APLV – Você não está sozinho

Oi gente! Tudo bem? Venho escrever um pouco da minha experiência com a APLV, que apareceu na minha vida sem muita cerimônia. Espero que possa ajudar e encorajar muitas famílias que sofrem com o mesmo probleminha chato.

Vamos lá… A APLV é uma sigla que significa Alergia à Proteína do Leite de Vaca, ou para os médicos, Hipersensibilidade à Proteína do Leite de Vaca. Ela acontece porque o organismo reconhece a proteína do leite como algo estranho e então produz uma resposta imunológica exagerada para combatê-lo. A APLV é a alergia alimentar mais comum em bebês e crianças, e por incrível que pareça, muitos nunca ouviram falar ou confundem com intolerância à Lactose. Inicia-se normalmente nos primeiros meses de vida, porém na maioria dos casos regride até os 3 anos de idade. Muitos médicos também nem sabem lidar direito com o problema devido à dificuldade no diagnóstico, pois não existem exames que detectam com 100% de confiabilidade a alergia. A causa ainda é um pouco controversa, pode ser de origem genética ou por exposição precoce às fórmulas industrializadas.

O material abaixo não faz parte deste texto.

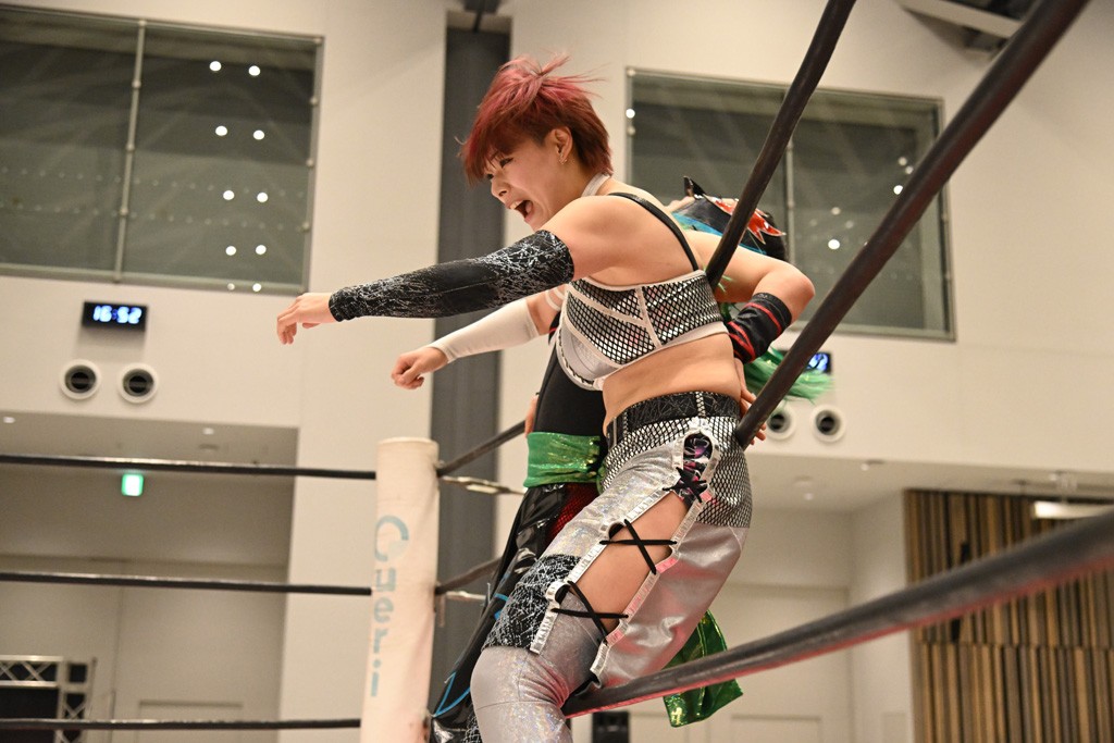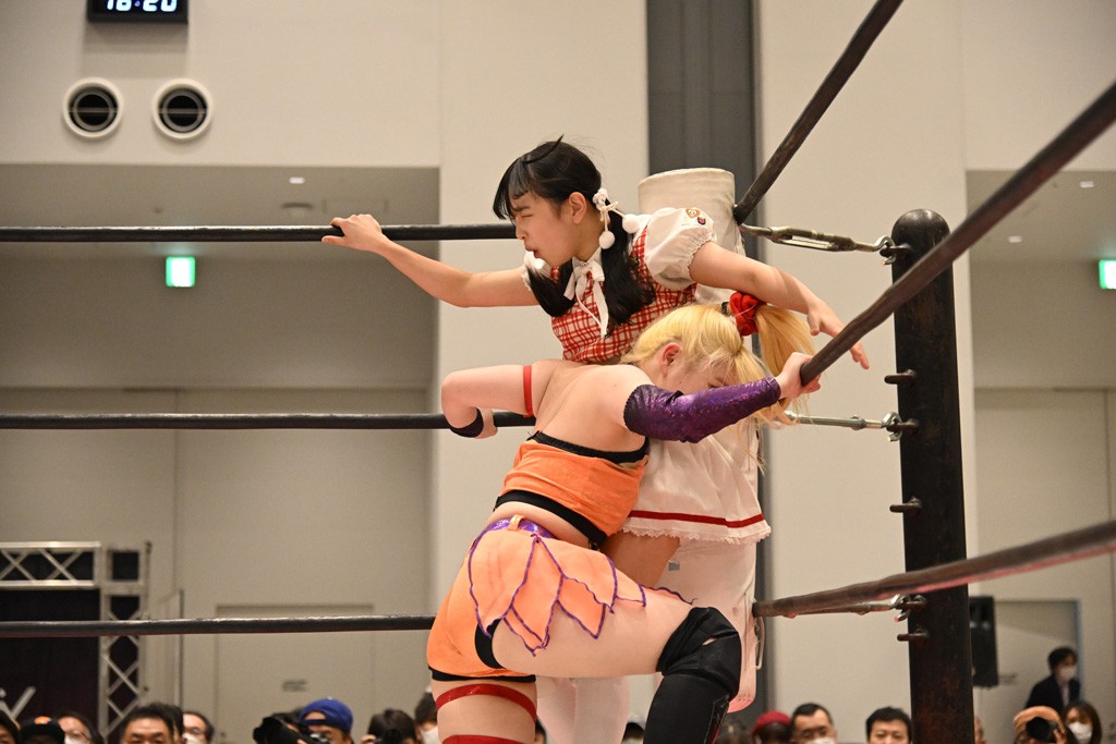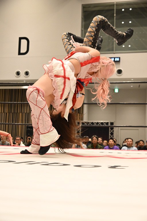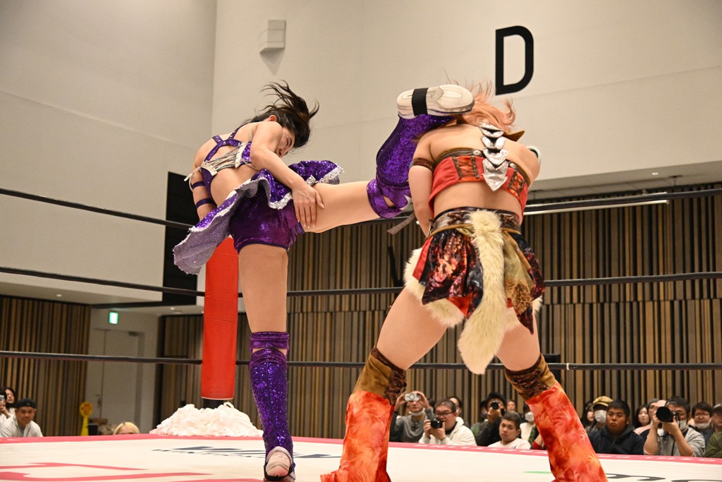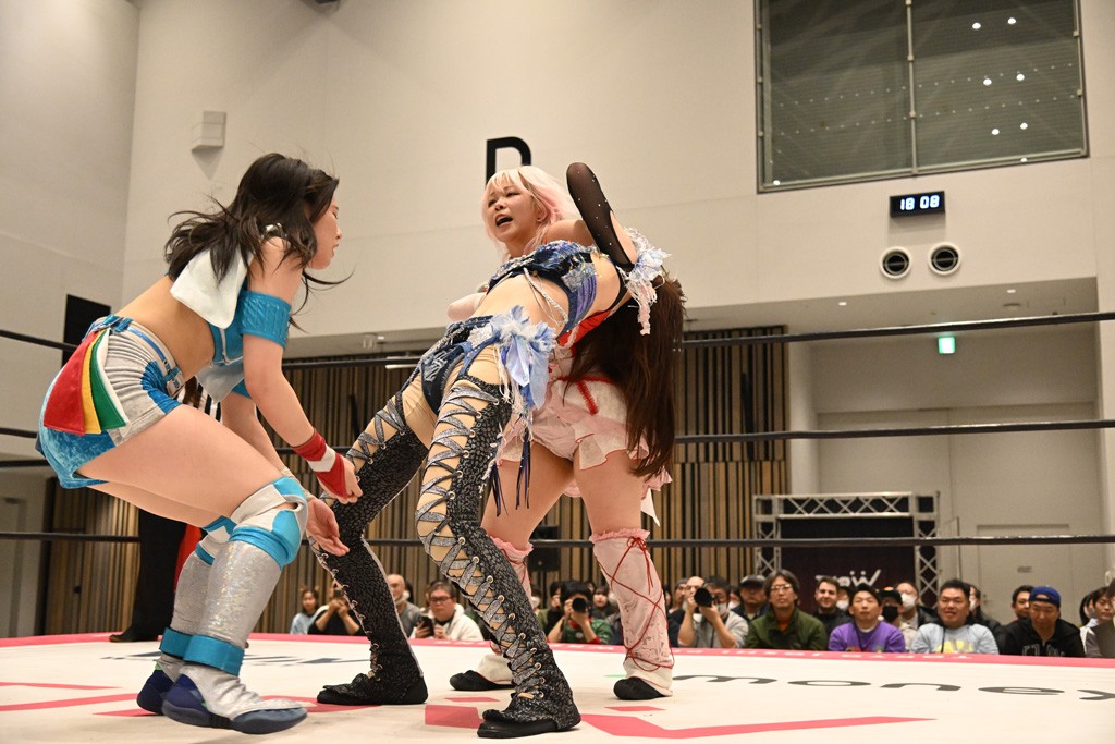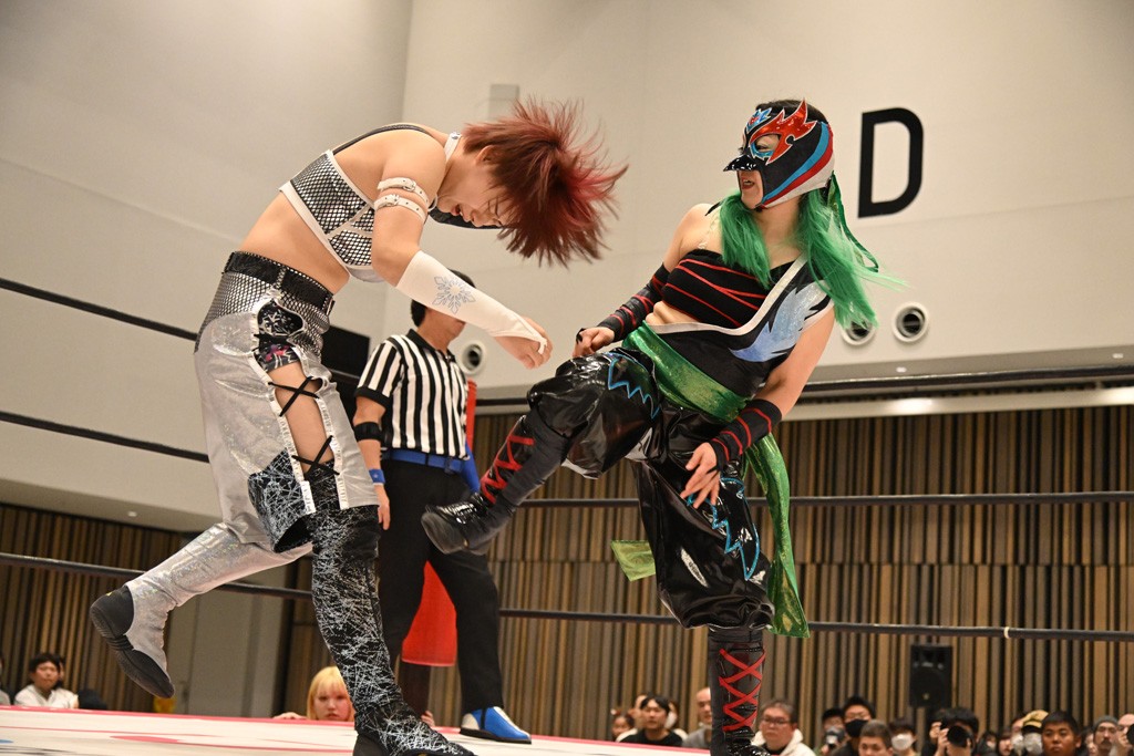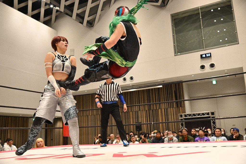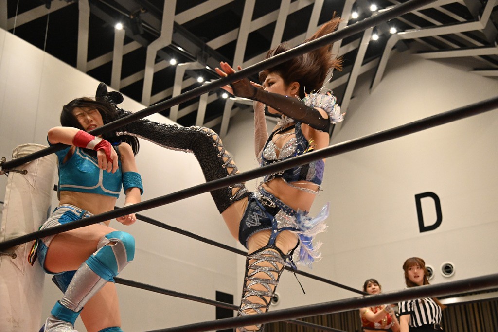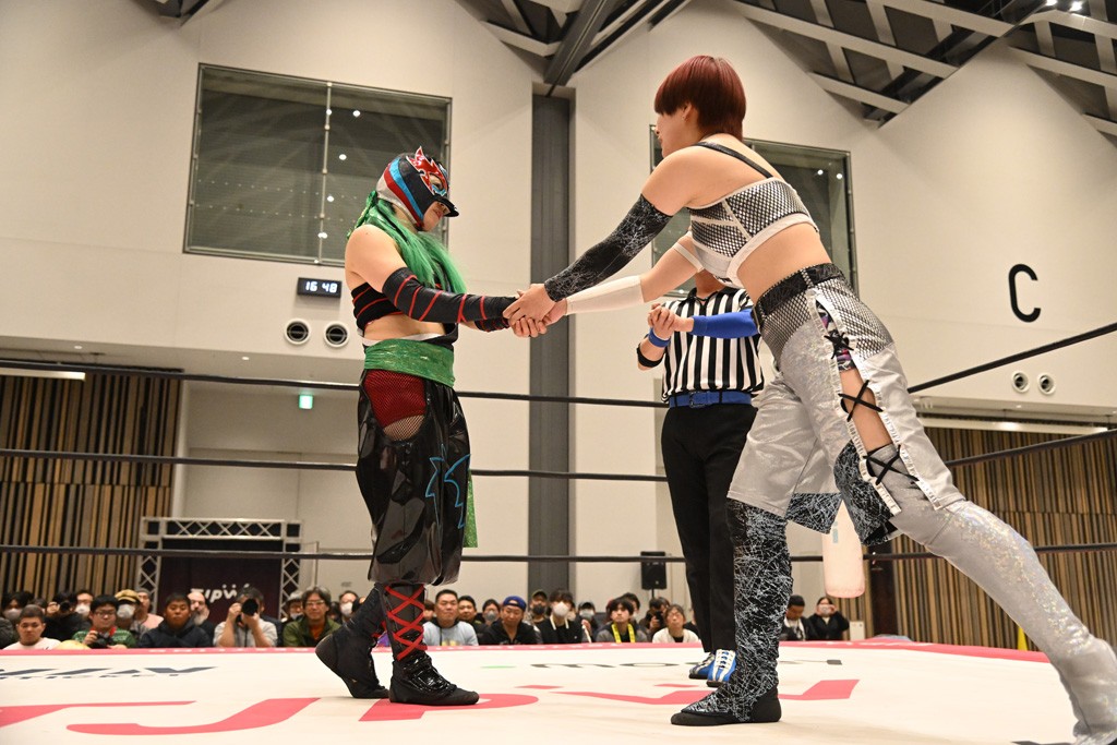 瑞希が両手を広げて握手を求めると、リカも応じる。だが、瑞希はトーキックで奇襲し、ここでゴング。速攻で丸め込んだが、カウント2。再び瑞希が握手を求めて握り返したリカにトーキック。突進をかわしたリカがロープ越しドラゴンスクリュー。さらに鉄柱を使って足を攻撃。ドロップキックは足を狙って決めていく。リングに戻ってよっしゃいくぞエルボーは自爆となるも、低空ドロップキック、ドラゴンスクリュー、足4の字固めとたたみかける。反転しながら瑞希がロープエスケープ。リカが足をロープにくくりつけてドロップキック。残り3分。バックブリーカーからのフォールをブリッジで脱した瑞希がフットスタンプ。ロープすり抜け式ドロップキック、コーナーダイブのフットスタンプはかわされたが、串刺しドロップキックで追い打ち。残り2分。セカンドロープに寝かせてフットスタンプからキューティースペシャル狙い。これをリカが切り返してドラゴンスリーパーへ。続くツイスト・オブ・フェイトからミサイルヒップ。かわされて瑞希のメテオラを浴びるも、カウンターのヒップアタックを決め、スライディングの一発も披露。追撃のツイスト・オブ・フェイトは瑞希が回転エビ固めで切り返すと、両者は丸め込みの応酬。カウント2。残り10秒でリカがドラゴンスリーパーに捕獲するも、タイムアップ。試合後は瑞希が握手を求め、リカが握り返すとトーキックを入れて引き上げていった。

Existem dois tipos de alergia, o primeiro deles e o que costuma ser mais grave é o mediado por anticorpos IgE, que se manifesta imediatamente ou até 2 horas após o contato com o alérgeno. Os sintomas desse tipo normalmente são de pele, como: lesões vermelhas, coceiras, irritação na mucosa do nariz, inchaço no olhos e lábios, ou até os casos mais graves, como anafilaxia. O segundo tipo é o não mediado por IgE, que é chamado de tardio. Nele ocorre a manifestação dos sintomas horas ou até dias depois (normalmente até 3 dias). Os sintomas desse tipo são mais relacionados com o sistema gastrointestinal, como: sangue ou muco nas fezes, doença do refluxo gastroesofágico, diarréia, entre outros. (Há crianças que podem ter os dois tipos ao mesmo tempo.)

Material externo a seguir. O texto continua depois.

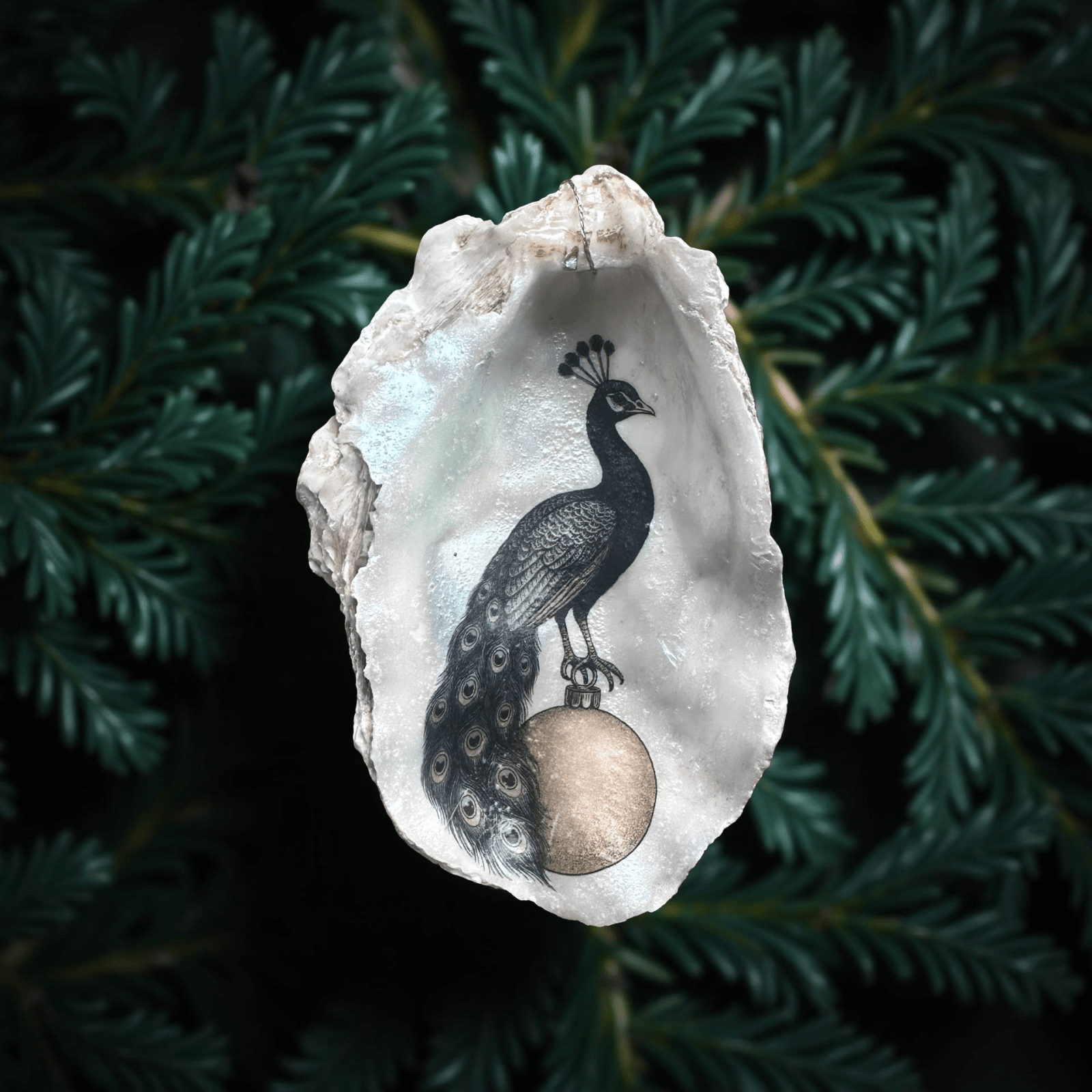 Starball ist die Deko dazu – ein königlicher Pfau, der elegant auf einer funkelnden Weihnachtskugel balanciert und sie wie ein Juwel krönt.

O tratamento para a APLV é totalmente nutricional, ou seja, é através da exclusão total do leite e seus derivados da dieta da criança, ou no caso daquelas que são amamentadas ainda, da dieta da mãe. Sim, a proteína do leite pode passar para o bebê através do leite materno!! Esse foi o meu caso! As crianças que já tomam fórmula precisam trocar para fórmulas especialmente desenvolvidas para alérgicos. Existem algumas no mercado como a Pregomin pepti, Neocate, PurAmino, entre outras. Vamos então para a minha história com meu bebê.

O Samuel teve contato com a fórmula industrializada muito cedo, já no primeiro dia de vida, o que ao meu ver foi sem necessidade. Os médicos deram o complemento pra ele devido a uma hipoglicemia, problema que foi desencadeado por uma diabetes gestacional dentre outras complicações que tive na gravidez. Após a chegada dele em casa, foi aleitamento materno exclusivo, o que segue até hoje, graças a Deus.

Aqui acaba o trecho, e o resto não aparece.